And if the bottles have cork stoppers, they need to be stored on their side to prevent the cork drying out. This isn't an issue with screw tops.

And that's pretty much it. If you don't have a cooler or cellar, keeping them in a cool, dark cupboard is still going to help...

I did a deep dive into Stack Exchange because I thought this question would've been asked before! But, it has not. That doesn't mean that the answer isn't super easy to find.

First of all, not all wines are meant to be aged. The vast majority of wines are meant to consume when you pick them up at the store. How can you tell which are which? Mainly on price (although not always the case). As the price point goes higher, these wines have been made with aging in mind and many times are unpalatable at a younger age. Red wines are meant to age longer because the tannins (the thing that gives red wine it's color) are an anti-oxidant. Some white wines like Riesling can age for decades. Champagnes can age for a long time, but because of their delicate nature and the cork and the whole CO2 pressure thing, they are harder to age. I've had some nicely aged Champagnes.

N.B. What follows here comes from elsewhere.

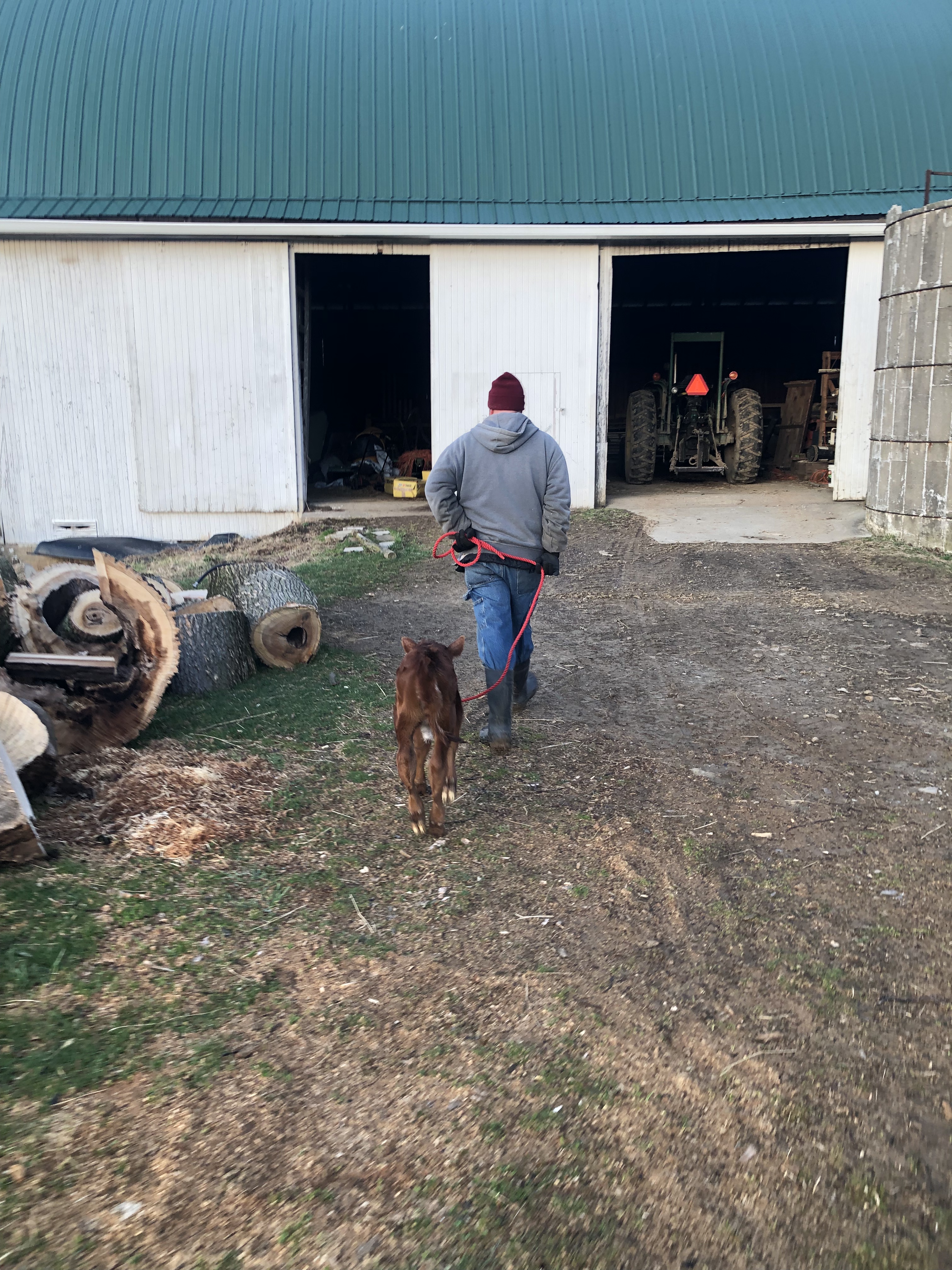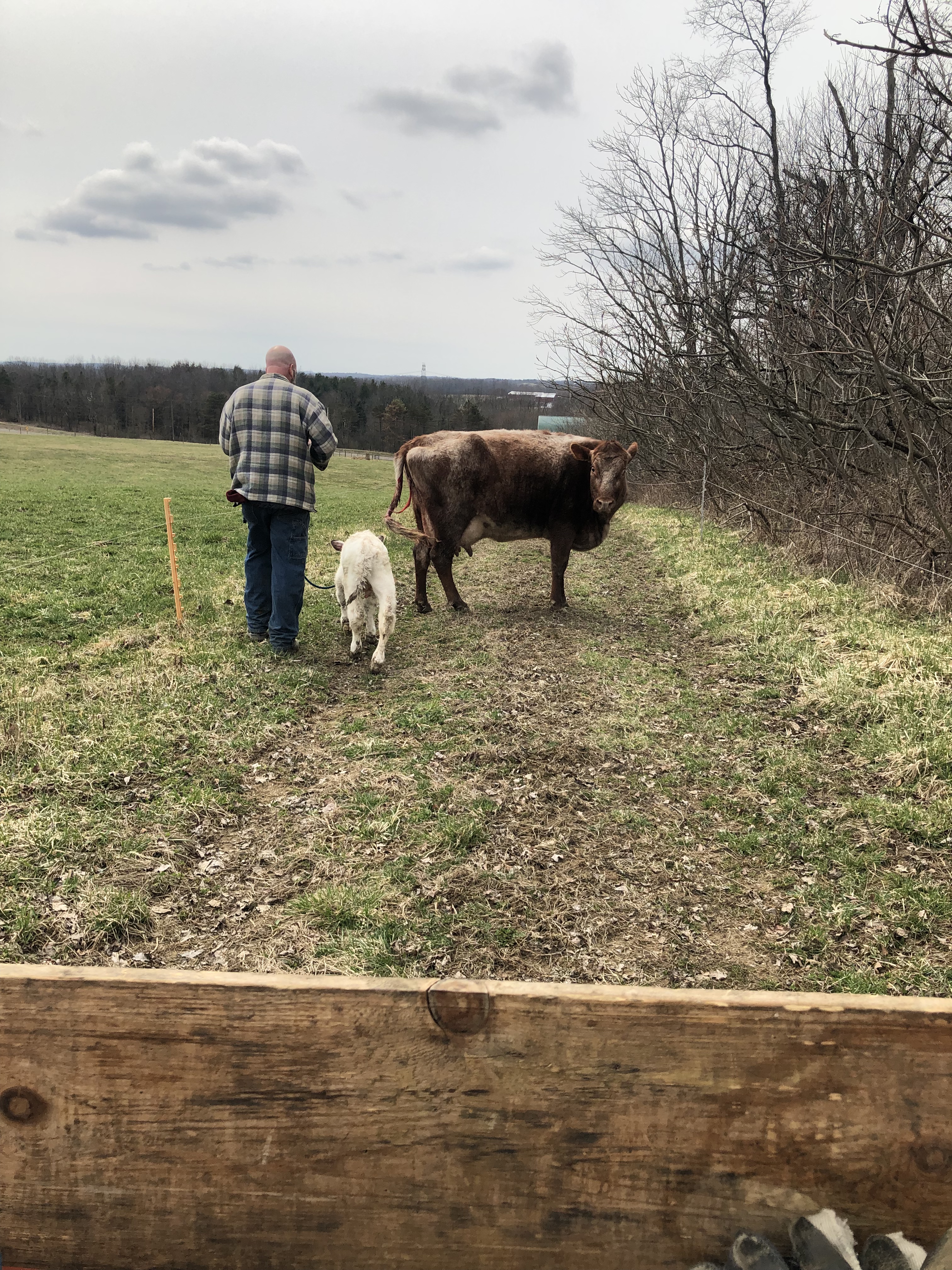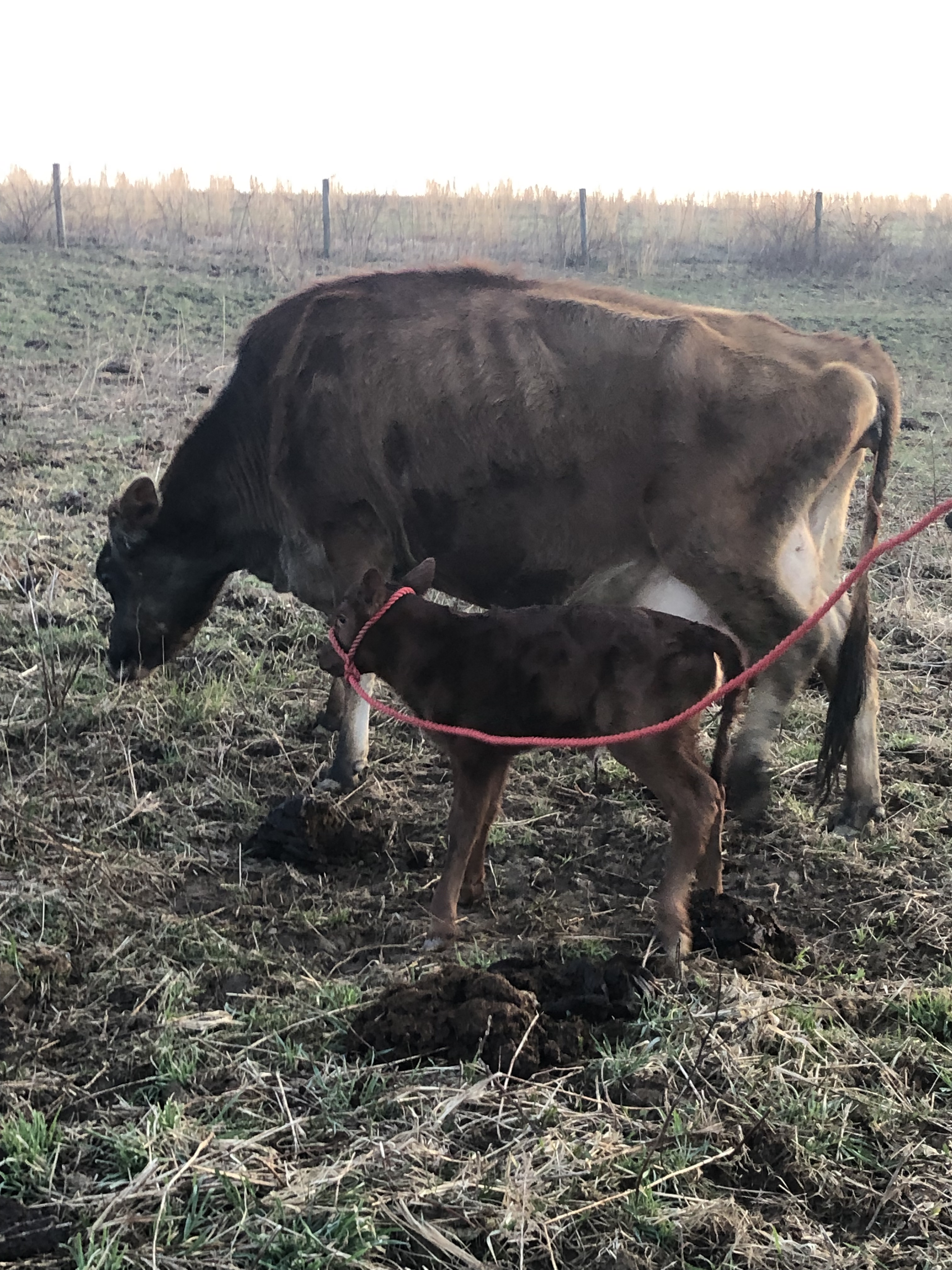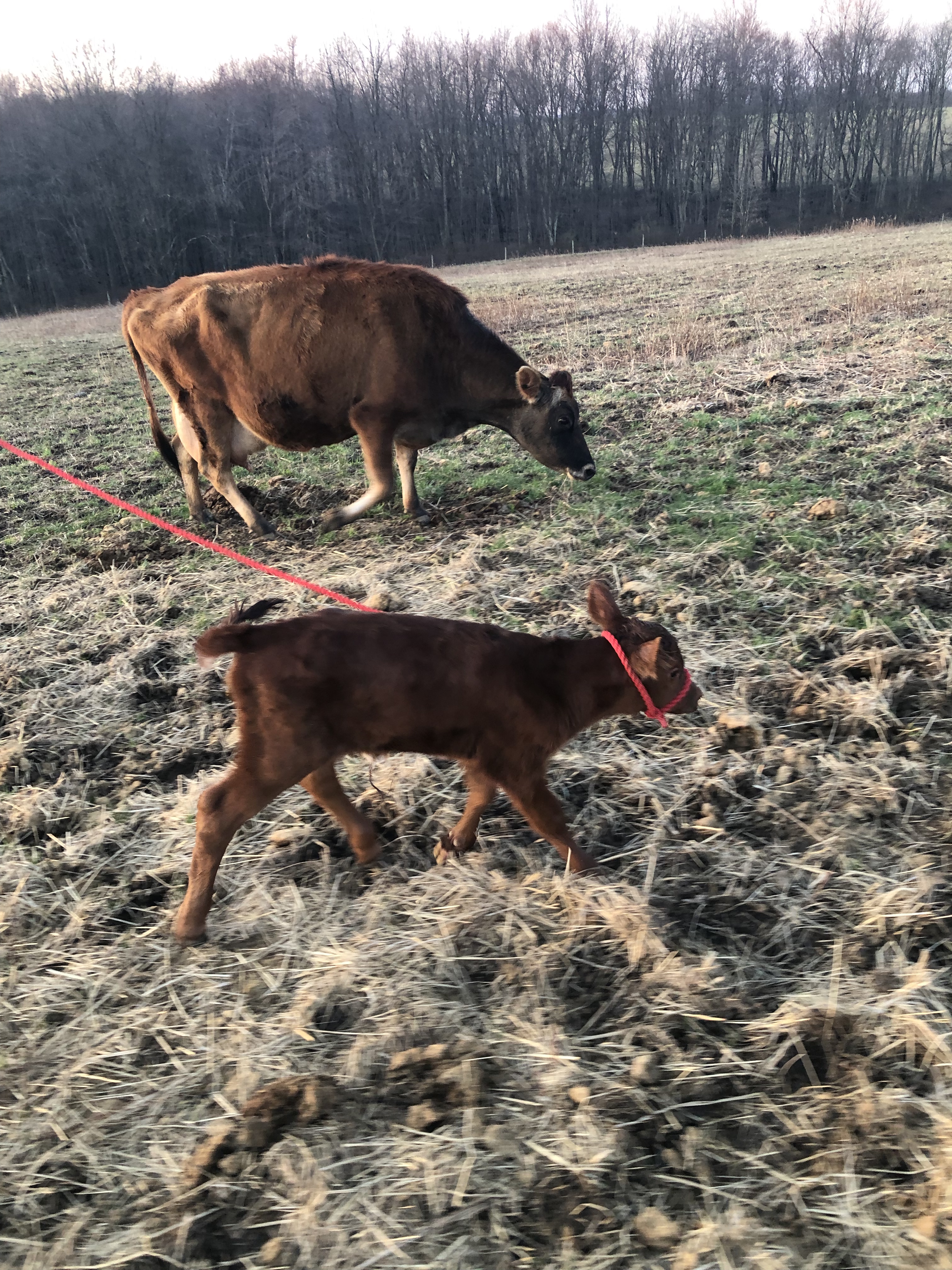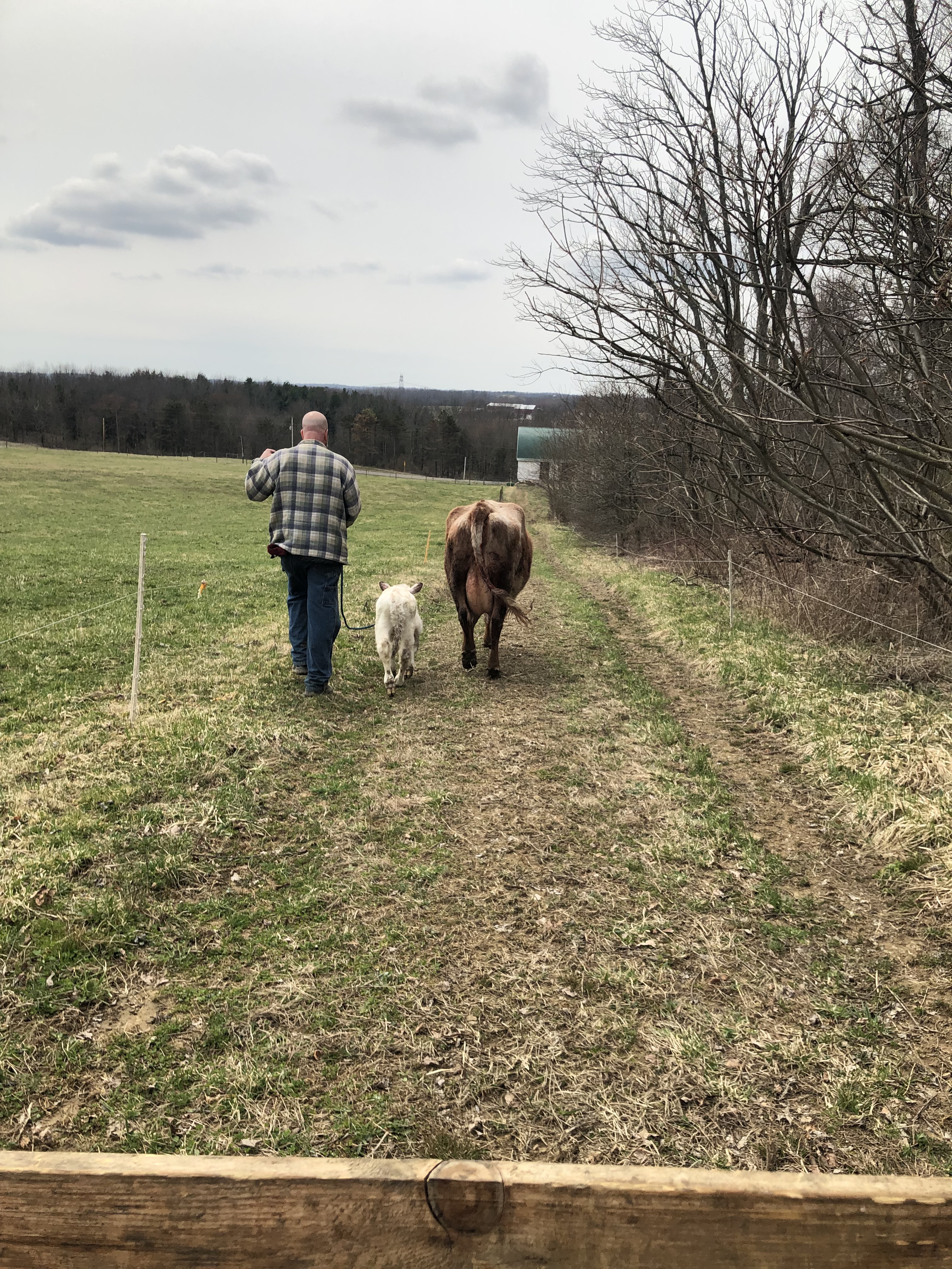 Then Mike took Jarjar from me, and walked him with Gluey & Ruby toward the barn. At this point, BOTH mamas thought Jarjar was their calf, lol.🙄

So basically, keep it in the dark and as close to freezing as possible. Some say that 55F is the best temperature, but actually the closer to freezing you get makes it keep longer. The problem is that for bottles with corks you should have a relatively high humidity so the corks don't dry out.

The myth that wines with screw caps don't age has been debunked by the Australian wine industry because the have mostly moved to screw caps and the wines age just fine if differently than bottles with corks.

Aging of Wine from Wikipedia pretty much tells you the whole story.